When I finished, he lit a cigarette and said, “Broussard kidnapped the kid; Mullen saw him. Olamon blackmails him into finding and returning the two hundred grand. Broussard runs a double-cross, has someone take out Mullen and Gutierrez, has Cheese whacked in prison. Yes?”

“Killing Mullen and Gutierrez was part of the deal with Cheese,” I said. “But otherwise, yes.”

“And you thought Poole was the shooter.”

“Until the roof with Broussard.”

“So who was it?”

“Well, it’s not just the shooting. Someone had to take the money from Poole and make it disappear in front of a hundred and fifty cops. No flatfoot could pull that off. Had to be high command. Someone above reproach.”

He held up a hand. “Ho, wait a minute. If you’re thinking-”

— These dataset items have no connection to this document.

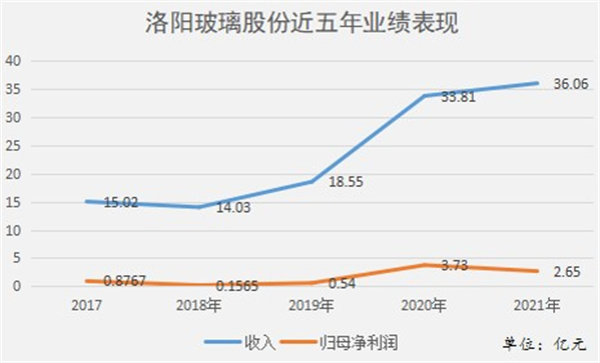 业绩方面,以2017-2021年五年时间维度来看,洛阳玻璃股份的收入分别为15.02亿元、14.03亿元、18.55亿元、33.81亿元、36.06亿元,整体呈高速增长态势,但至2021年增速已显著趋缓。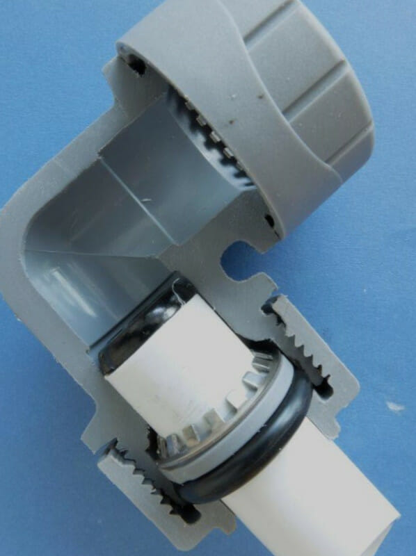 Two of the fittings fractured within months of each other. This led to large escapes of water and the relocation of the residents, not just once but twice! Examination of the parts and a review of the original installation revealed that the pipework did not have adequate support i.e. from a suitable clamp or bracket, and as such the fitting was under stress from the weight of the pipework protruding from it. This caused cracks to initiate in a threaded plastic component, ultimately causing the fitting to fracture due to creep.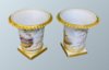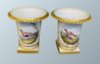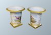 Each of flared square base form with a gilt gadrooned rim over a front painted oval of a brightly coloured fanciful bird, and decorated with a gilt seaweed pattern.
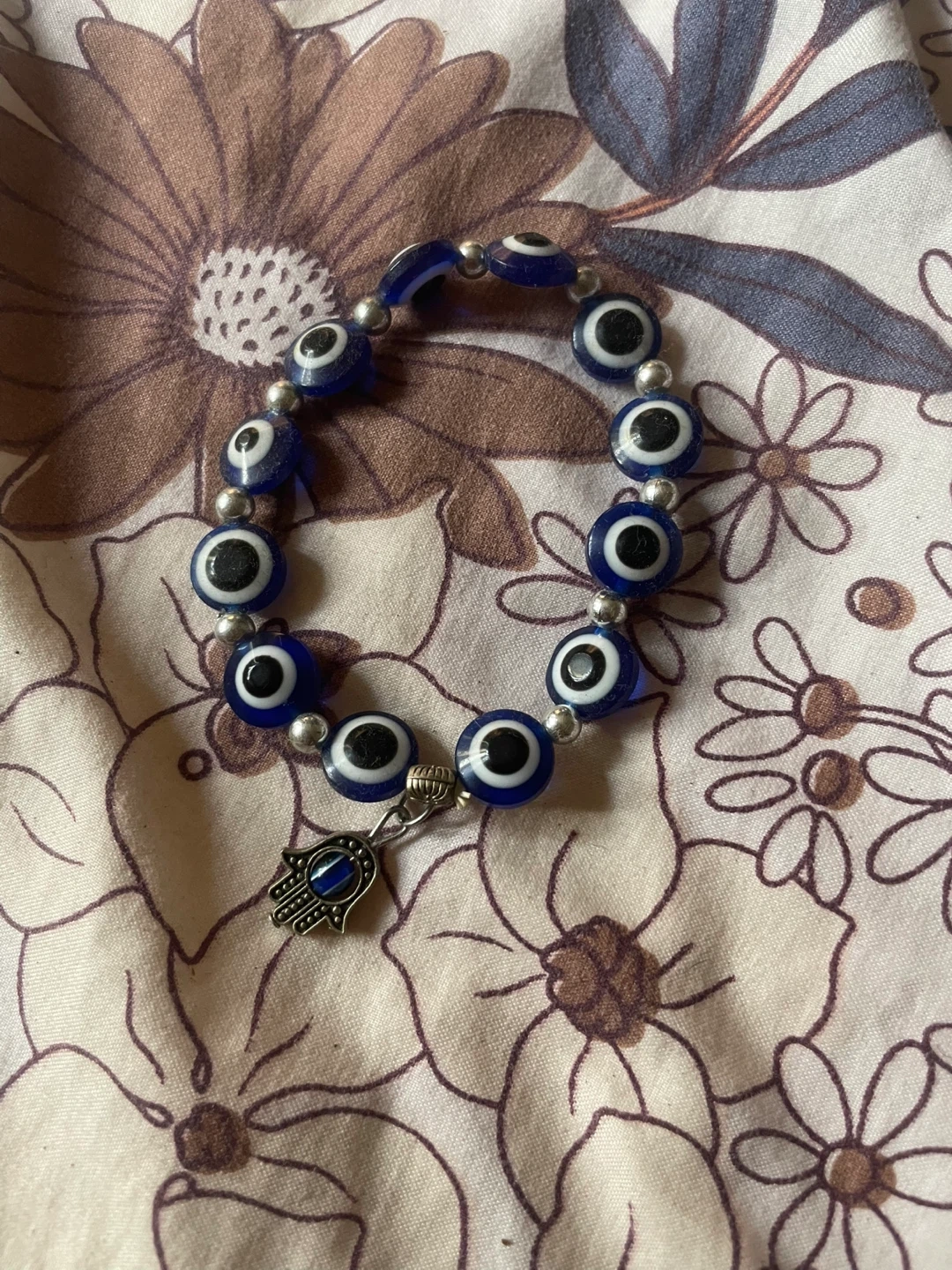 135This is a cute evil eye bracelet with a hamsa charm. It's in great condition and ready to wear!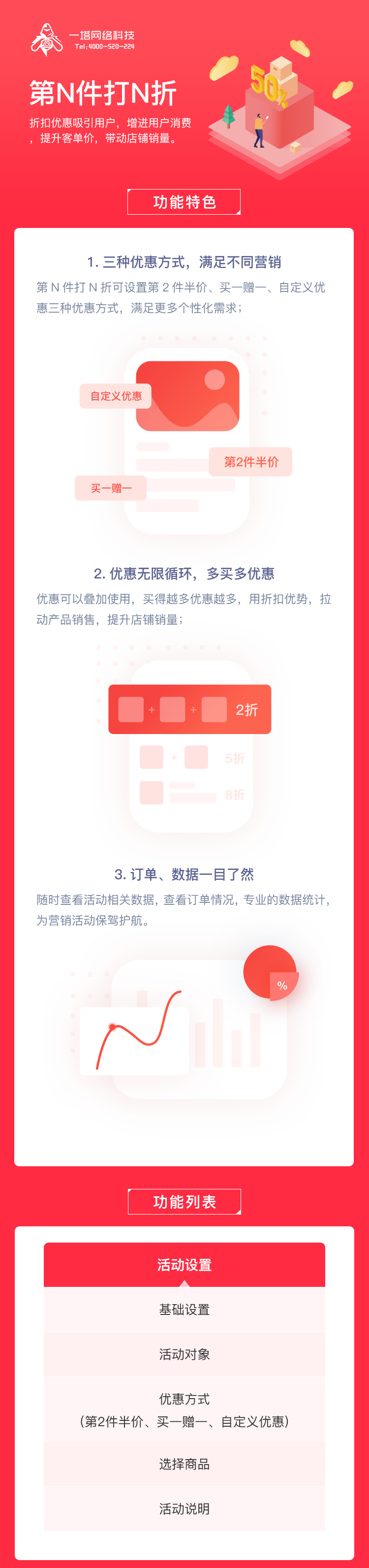 折扣优惠吸引用户,增进用户消费,提升客单价,带动店铺销量。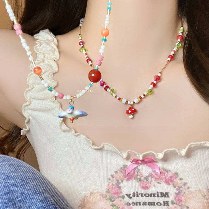 Colorful Mushroom Rice Beads Necklace Women's Summer Niche Design Clavicle Chain Cute Retro Necklace Chain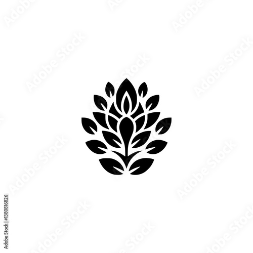 Minimalist Black Floral Emblem on White, Modern Logo, Elegant Design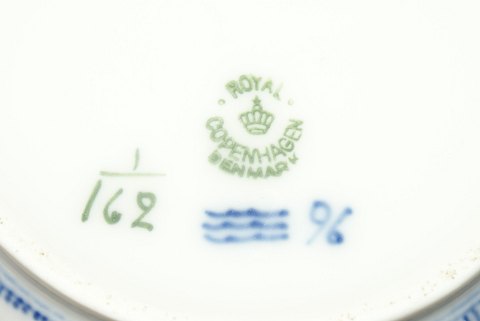 Stor Kongelig Musselmalet Riflet Mælke / Vand - kande. Indhold over 1½ liter. Produceret 1923-1934 Dek. nr. 1/162 2.Sortering Højde 20 cm. Diameter ca. 15 cm. Flot og velholdt stand.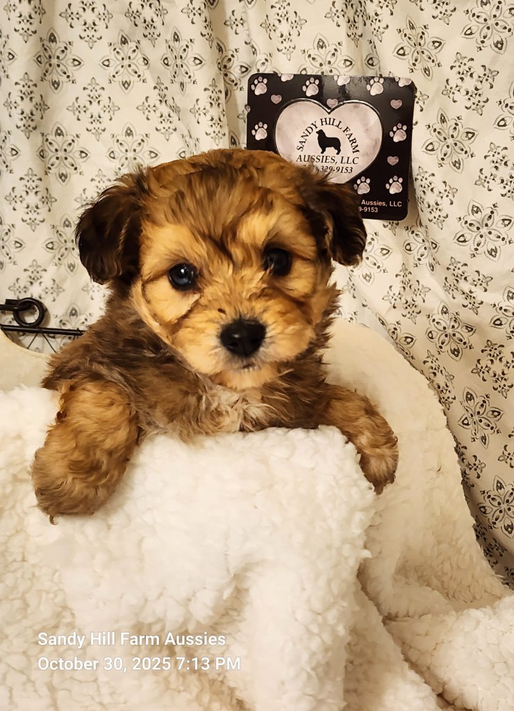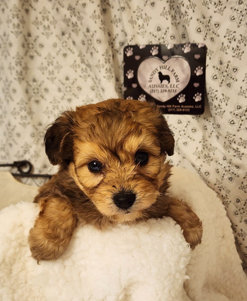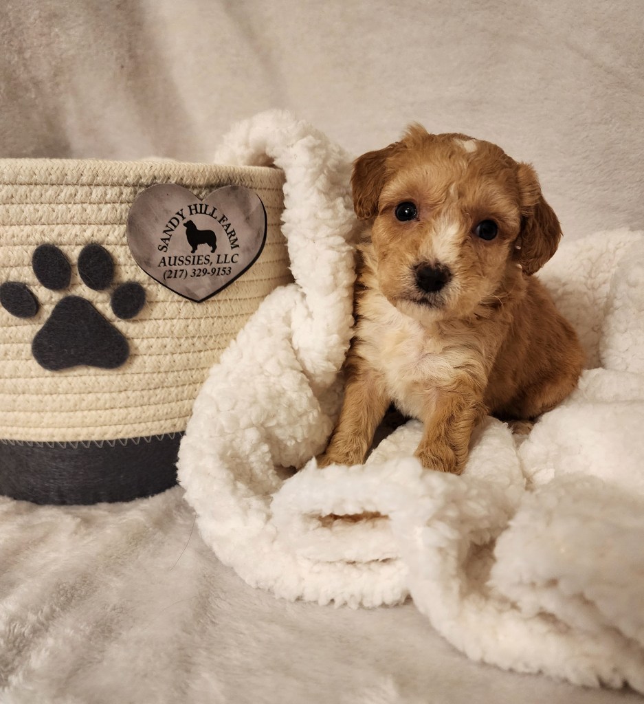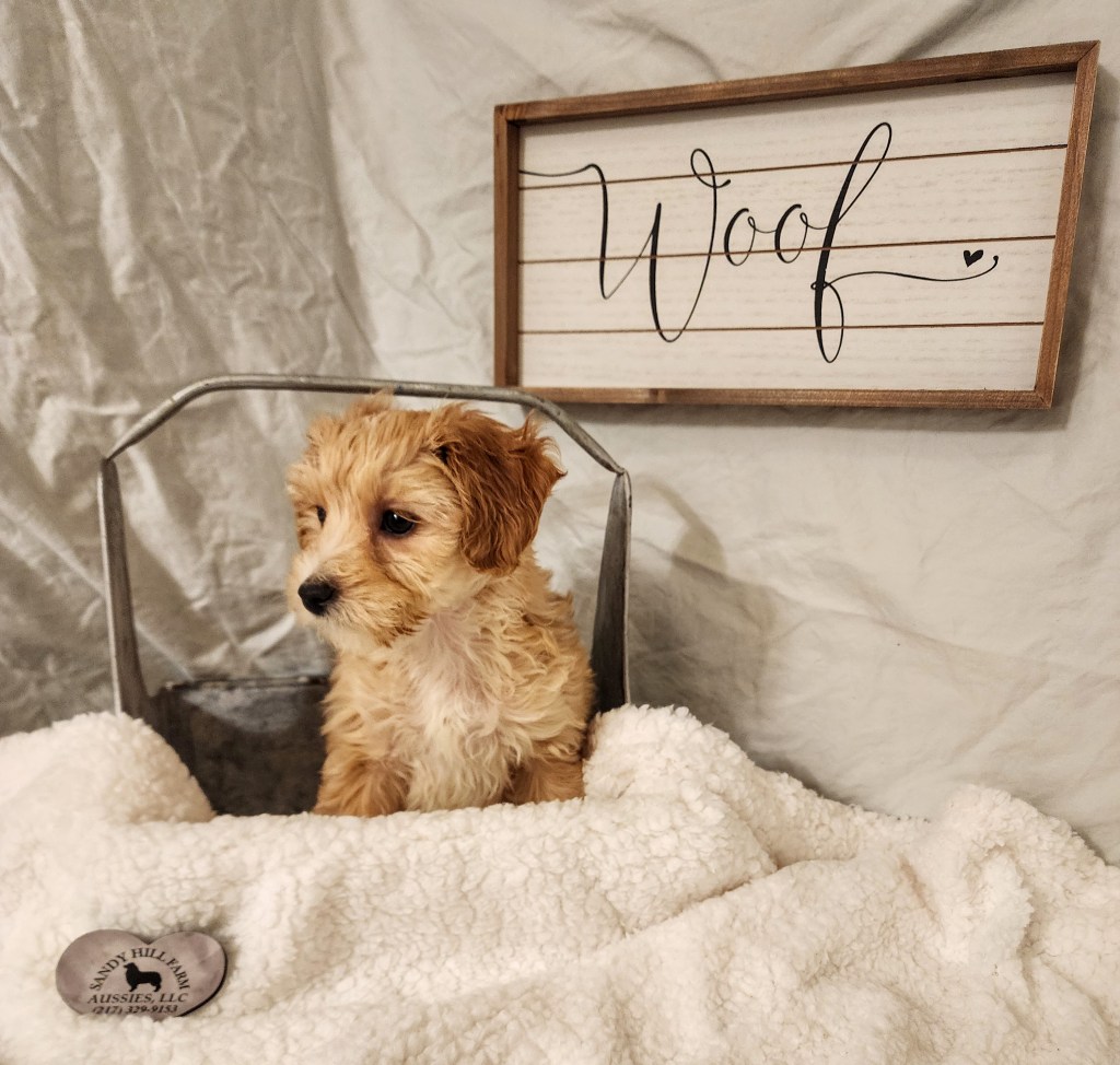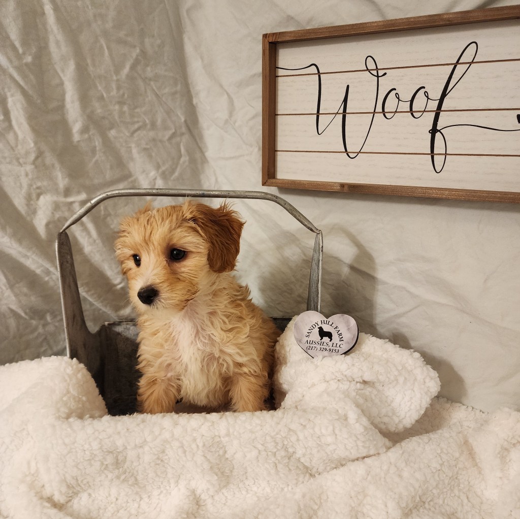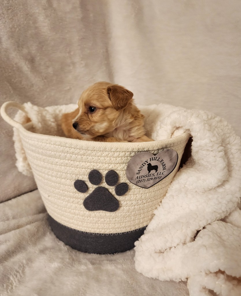 1 Brown-Eyed Yellow Large Toy/ Small Mini Aussiedoodle Male with full tail (below) $900

“Who allowed Poole and Broussard to breach protocol and proceed with the ransom drop without federal intervention? Who’s dedicated his life to helping kids, finding kids, saving kids? Who was in the hills that night,” I said, “roving, his whereabouts accountable only to himself?”

“Aw, fuck,” he said. He took a gulp from his glass, grimaced as he swallowed. “Jack Doyle? You think Jack Doyle’s in on this?”

“Yeah, Devin. I think Jack Doyle’s the guy.”

Devin said, “Aw, fuck,” again. Several times actually. And then there was nothing but silence and the sound of ice melting in our glasses for a long time.